PUBG/Fortnite maybe, but Breath of the Wild didn't really set much of a trend, very few actually tried copying it, and in a lot of cases they just copied the style rather than the game itself. If anything i'd argue its theoretical copycat, Genshi Impact, was one who had more of an impact, though its just an extension of gacha waifu games popularity.
I agree, but I did say "or make a splash for the conversation of having done something that people hope is a trend". "Exemplary" on false pretenses or otherwise.
You probably couldn't actually get away with copying BoTW's "formula" and not being Zelda without people calling the game shit.
Another problem with those is that in most cases it's just other companies trying to cash-in on something's popularity, rather than someone taking on an idea and refining it or giving it a different spin like it was the case with souls games, or roguelites, or boomer shooters, etc.
Exactly. So one has to ask what the value of "trendsetting" is.
Baldurs Gate 3 is too early to tell.
Baldur's Gate 3 won't set a trend. CRPGs already existed and still come our semi-frequently today. The distinguishing factors for BG3 are the production values and the IP, things 99% of devs in the CRPG space cannot replicate. It was not innovative in any real way. It was just high budget.
Flintlock, Dungeons of Hinterberg, Kunitsu-Gami, CYGNI all dropped just within the last 30 days. All new IP, all great AA games, all priced less than full price. And that's not even counting the numerous cheaper indies, and this is just 4 weeks.
All a bunch of games that few people will play or care about, stuffing up storefronts.
We're supposedly getting Hyper Light Breaker this year.
We definitely are well into the era of 3D indies on par with PS3 / PS4 stuff. Their last game from 2021 is fantastic, Solar Ash.

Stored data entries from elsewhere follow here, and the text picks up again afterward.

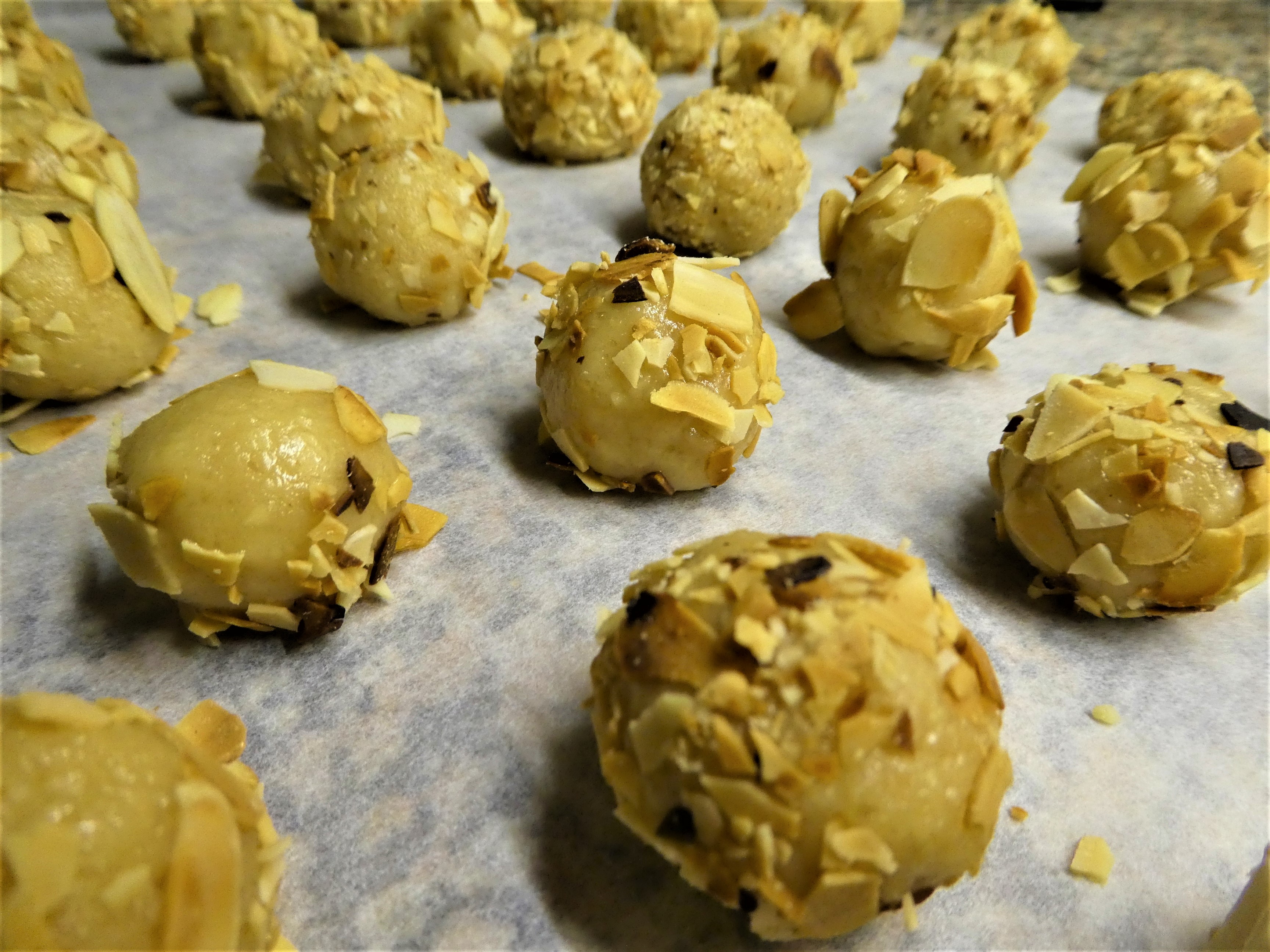 Für meinen Teil der Guetzli lief die Küchenmaschine diese Woche heiss. Ich probiere jedes Jahr gerne neue Sorten aus. Die Mandelkugeln habe ich bei Martina entdeckt. Ich wusste bereits beim Lesen der Zutaten, dass die lecker sind.
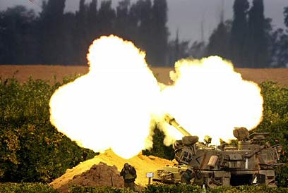 תותח יורה פגז לעבר רצועת עזה, הבוקר (צילום: רויטרס)
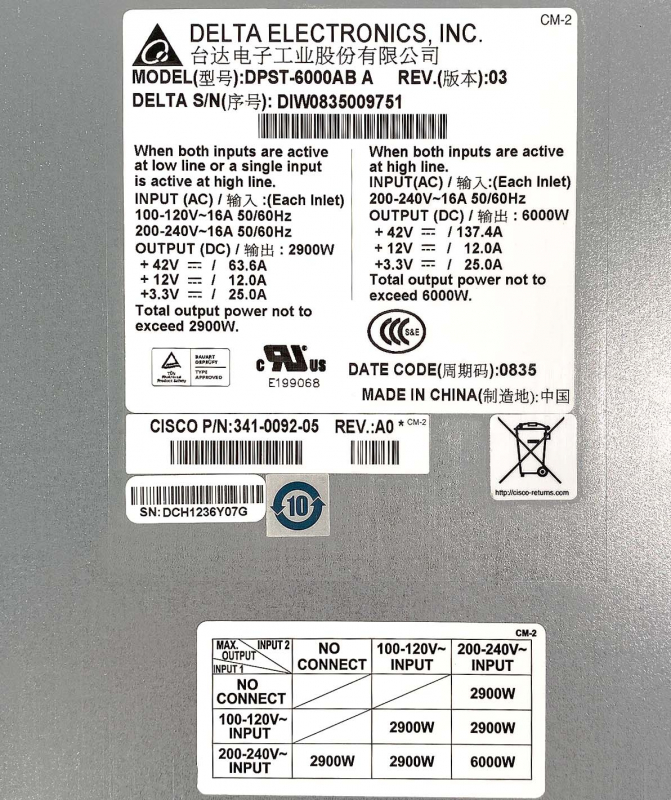 Резервный Блок Питания Cisco DPST-6000AB A 6000W

This is western gaming, American indie team putting out stuff that looks like Gravity Rush.
Respectfully, no one fucking bought either Gravity Rush game. It's irrelevant, and not what people in this thread mean by "filling the void". Copying sub ~1 million sales games from aesthetics to mechanics is not adding anything.
Ok let's get this out of the way first - that's not what 'AAA' ever stood for (and it certainly isn't what company PR ever used it for). It represented high-production values / blockbuster budgets (in large part, a reflection of industry's continued obsession with hollywood, but admittedly, it grew beyond that since term's inception).
Dude, you're splitting hairs to see a difference that I haven't made. I do mean production values when I say "the higher end of what the industry can produce". What else do you think I'm talking about?
And obviously, these higher production value games only get those production values because the intent/likelihood is that they will be successful to the higher degree of what a game can be.
That is in stark contrast to R* spending 500M - 1B on their next game while the average indie competitor is quite literally working with 100x+ less. And this delta was just as pronounced in the 00s - a 10M$ AAA was relative to 100k$ budget productions on the other end of the scale. The absolute numbers grew - but the relative deltas were already there.
I don't see the point that you're trying to make here. AAA games and the distinction between indies (which obviously barely existed until the late 2000s) changes over time, yes.
And not all AAA games are equal in budget. They never were. TLOU2 cost 230 million to make and market, around the same as what GTA5 cost and more than double what TLOU1 cost 7 years prior, and less than half of what GTA6 will cost 5 years later. Spider-Man 2 cost 200 million to develop (they spent 100 million on licensing) 2 years prior to GTA6, but is still AAA. Most AAA games 5 years from
now won't match the cost of GTA6.
Yes in 2001. ICO was built on that sub 1M budget - like many similar scoped games of the time. I didn't compare it to Dark Cloud by accident - both were new IPs backed by major publishers, both had a core team of about 5-10 people, and both made their money back at 100k sales, so they never needed to compete with 'AAA's of the time for mindshare.
There's no evidence of almost any of that. Ico took 3 years of development and was originally supposed to be a PS1 game - so technically advanced and AAA that they had to move onto the PS2.
There's nothing about Dark Cloud or Ico having made its money back at 100k sales, in fact at many times that number, it's all but said that they were/are weak. Coming from the game's own creator.
There's no way that either game was made with just 5-10 people. But even at 20, that would be, at the time, not unusual for larger games. Deus Ex was made by ~20.
Early 00s had multi-million sales ambitions for big IPs (with top end going towards 10M). AAs simply didn't aim for that, just like they don't aim for 10-100M range today. Doesn't mean it never happens though (see Helldivers 2).
For 90s-2000s games, 10 million was an infrequent lifetime milestone for cultural icons. I mean, FF7 and the first Sonic game sit at ~15 million today. Around 30 years after release, with dozens of ports of re-releases between them. Don't know where you're getting any of this from.